The qualitative study also points out that green transitions, like the push for electric rickshaws or modern recycling facilities, often exclude the poorest. “Those who have money will buy e-rickshaws and get licences. For us, we neither have a home nor land; we just earn and eat here,” said one rickshaw puller. Waste pickers, likewise, find themselves locked out of formal recycling chains as new material recovery facilities become privatised or inaccessible.
The report was released alongside the formation of the Workers’ Collective for Climate Justice – South Asia, a new regional alliance of worker unions and civil society organisations from India, Sri Lanka, Bangladesh and Nepal. The collective launched the Polluters Pay Pact, demanding that governments tax oil, coal and gas corporations to fund climate adaptation efforts for the most vulnerable. At the report launch event held in Delhi was joined by six prominent workers’ unions representing lakhs of workers for the signing of the Polluters Pay Pack.
“As temperatures rise, we must do the same. City infrastructure needs to match the adaptation needs of everyone. Vendors, who work outside through the heatwave, are in urgent need of cooling centers, shaded areas, water, and medical care to survive this heatwave season,” said Sandeep Verma of the Youth Organisation for Democratic and Help in Action (YODDHA). “In the scorching heat, Indian workers have nowhere to hide, while the oil executives fueling this crisis are safely seated in air-conditioned offices. This injustice must end by applying the polluter pays principle to those responsible for the climate crisis we’re in.”
Workers across South Asia observed the International Workers’ Day in a series of simultaneous events where they wrote messages about the impacts of extreme weather and their demands on sarees, a six-yard-long unstitched cloth draped by women in South Asia.
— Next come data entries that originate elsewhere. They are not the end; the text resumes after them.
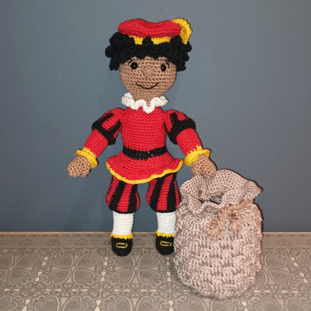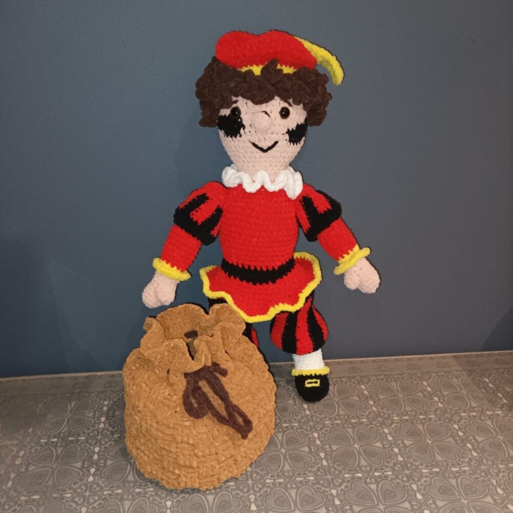Pjotter Piet kan je in twee verschillende versies haken, als roetpiet of gewoon in 1 huidskleur naar keuze. Gehaakt met Scheepjes Little Darling en Scheepjes Catona om het verschil in grootte aan te tonen. Afmetingen met Scheepjes Little Darling:Pjotter: ± 42 cm; Zak: ± 19 cm – Afmetingen met Scheepjes Catona:Pjotter ± 30 cm; Zak: ± 12 cm – Duidelijk beschreven haakpatroon van 13 pagina’s ondersteund met foto’s + extra pagina met leuke kleurplaat inbegrepen.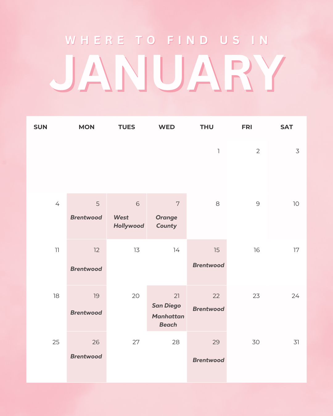 We are all over LA, Manhattan Beach, Orange County and San Diego monthly.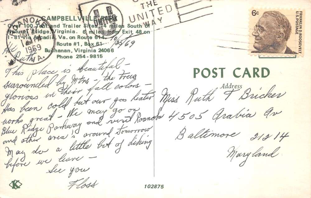 Buchanan Virginia Cambellville Trailer Park and Beach Vintage Postcard AA105671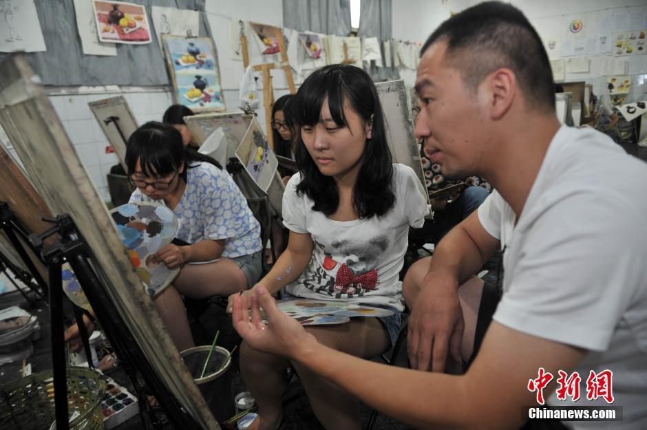 A Dan, a kindhearted painting teacher, is teaching the one-armed girl Yong Qian on August 16, 2014. (Photo/CNS)
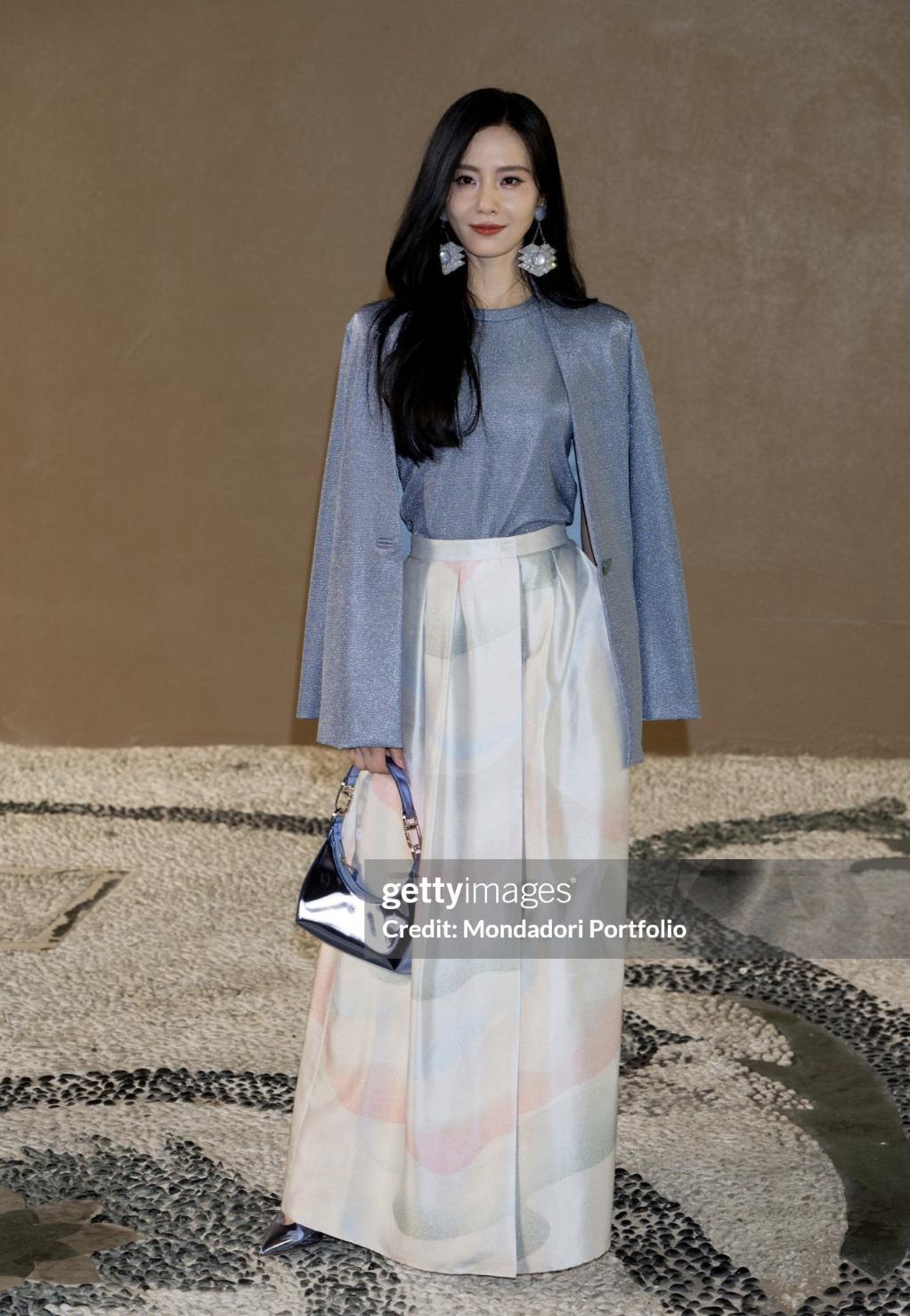刘诗诗一身干净的蓝色西装,白色长裤,优雅而随性。

The initiative, titled ‘Sarees for Solidarity’, carries messages of workers’ union leaders addressing the role of oil and gas corporations and their responsibility for the climate crisis, which will be taken to the 30th United Nations Climate Change Conference of Parties (COP30), scheduled to be held in Balem, Brazil.
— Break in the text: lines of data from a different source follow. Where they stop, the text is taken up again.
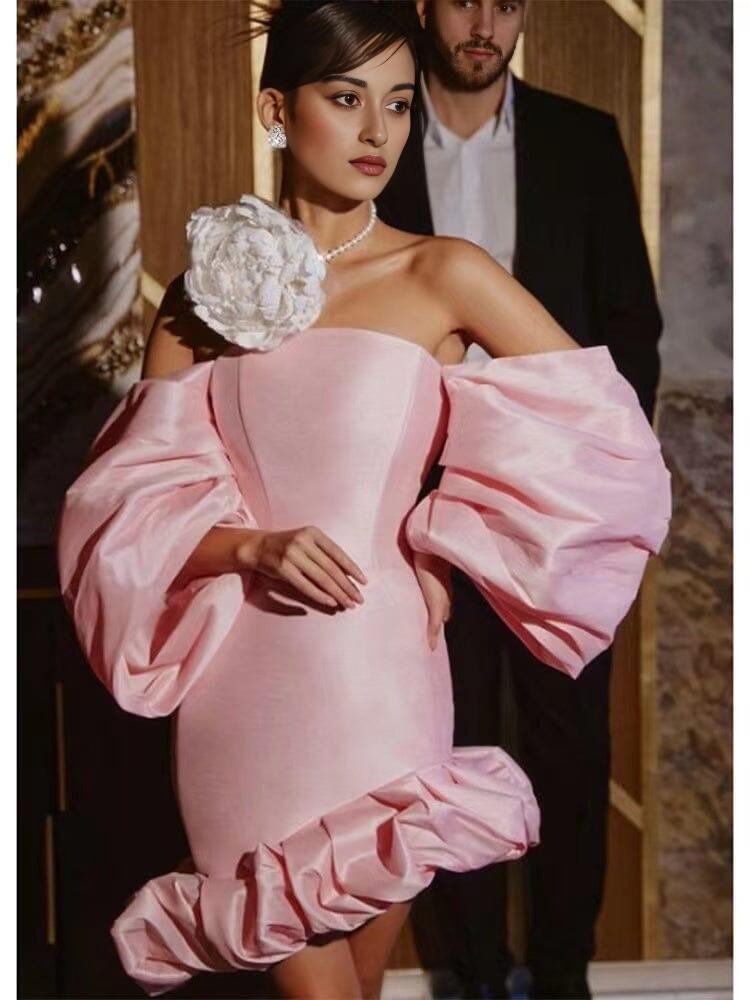 Elevate your style with this stunning Puff Asymmetric Mini Dress in Pink. Designed to make a statement, this dress features a one-shoulder puff sleeve and an angled asymmetrical ruffle hem, adding playful movement and dimension to your look.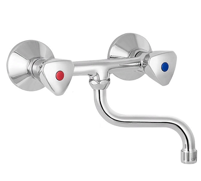 Смеситель с коротким латунным изливом S125 мм. Устанавливается на стену. Модель выполнена в классическом дизайне. Керамическая кран-букса PPA.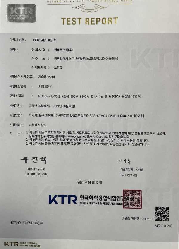 형식승인 저압배전반 시험결과지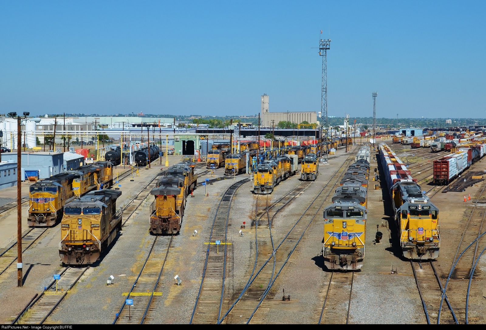 | There is a nice variety of engines on this day in the Union Pacific's North Yard in Denver, Colorado, including heavies such as UP 8685 (SD70ACe) and light power such as UP 1357 (a former Denver and Rio Grande Western GP40-2). |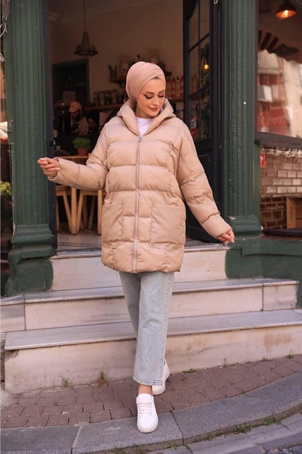 Bomber modeliyle modern ve şık bir görünüm sunan bu tesettür mont, günlük kullanım için idealdir.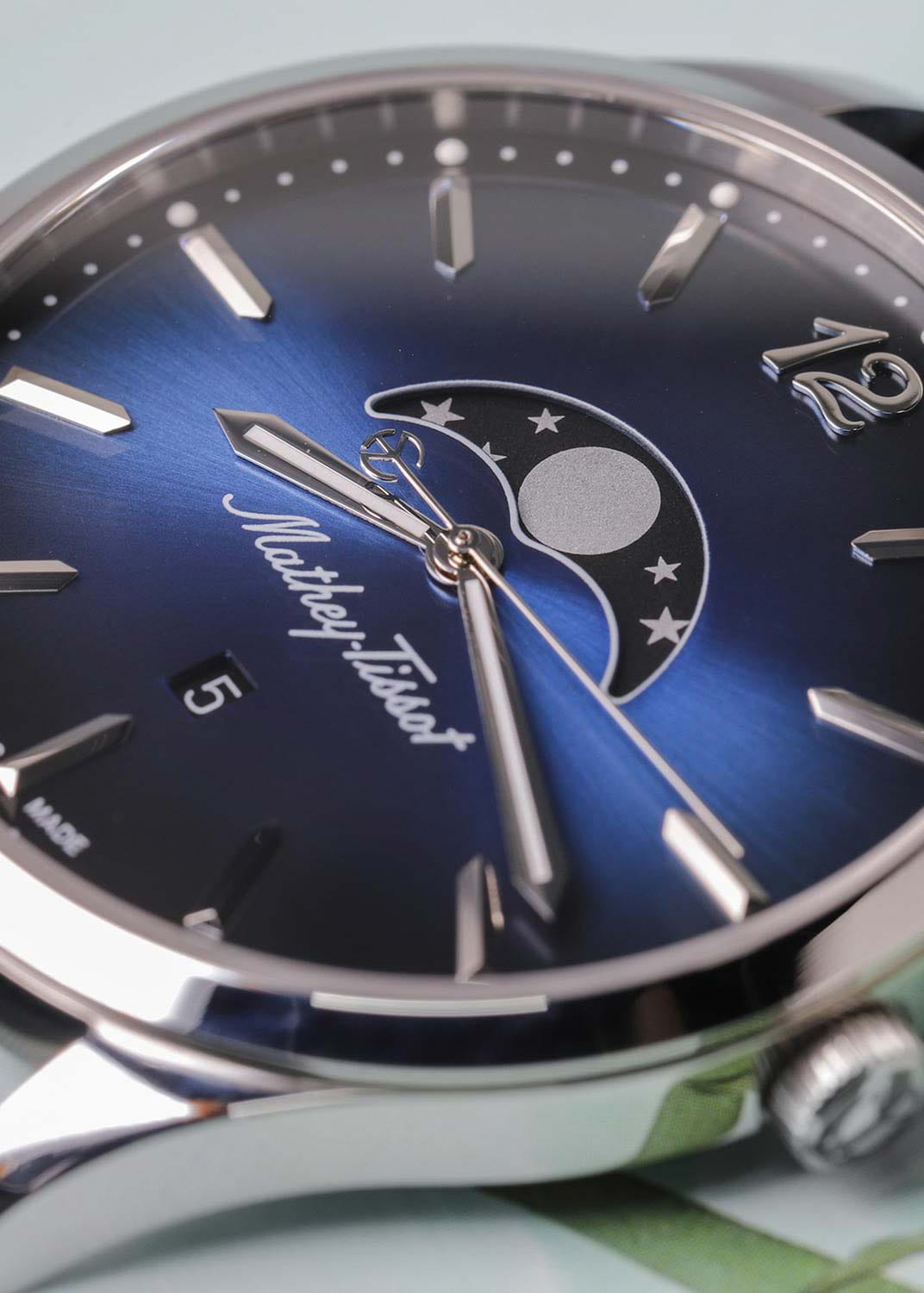 Мужские кварцевые часы Mathey-Tissot Urban H411LABU — это стильное сочетание элегантности и современного дизайна. Изящный корпус выполнен из нержавеющей стали, диаметром 42 мм, что придаст образу элегантности и надежности. Изысканный циферблат с метками в виде штрихов придает модели особый блеск. Циферблат защищен минеральным стекломМинеральное стеклоМинеральное стекло представляет собой искусственно выращенный минерал кварца. Такое стекло отличается особой устойчивостью к повреждениям и царапинам. Уступает по некоторым качествам сапфировому стеклу. с сапфировым покрытием, обеспечивает устойчивость к царапинам. Стрелки с люминесцентным покрытиемЛюминесцентное покрытиеПозволяет считывать показания времени в темноте. Производители наносят на стрелки, часовые индексы, безель или поверхность циферблата светонакопительный состав, дающий холодное свечение.. Окошко даты находится в положении 6 часов. Фазы Луны. Часы оснащены надежным кварцевым механизмом. Кожаный ремешок на стандартной застёжке гарантирует комфортное и безопасное ношение. Класс водозащиты: 50 метров позволит защитить корпус от случайных брызг или капель дождя. Mathey-Tissot — отличный выбор для тех, кто ценит утонченность и качество.

“When the heat rises, it’s not the CEOs of oil and gas companies who suffer—it’s the informal workers out on the streets, with little infrastructure and safety net for adaptation. Our Ground Zero report shows just how devastating this is: income drops, health risks soar, and yet no one’s held accountable. That’s why we’re backing the Polluters Pay Pact, said Amruta S. Nair, Climate and Energy campaigner at Greenpeace India. “Governments must impose taxes on Big Oil, the proceeds of which should be redirected for inclusive adaptation measures for vulnerable communities. Climate justice must begin by protecting those who are least responsible for this crisis, but who pay the heaviest price every day.”
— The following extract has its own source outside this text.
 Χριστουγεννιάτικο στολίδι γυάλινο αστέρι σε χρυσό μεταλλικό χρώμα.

The growing frequency of extreme weather events is not just an environmental issue—it’s a deepening social and economic crisis. Informal workers, who form the backbone of urban economies, are being pushed to the brink by extreme weather events like heatwaves, floods, and pollution, without the safety nets or infrastructure to cope. Their stories call for immediate and inclusive adaptation measures, beginning with accountability. The demand for a Polluters Pay Pact — where fossil fuel giants are taxed to fund worker-centered climate resilience — is not just fair, it’s urgent.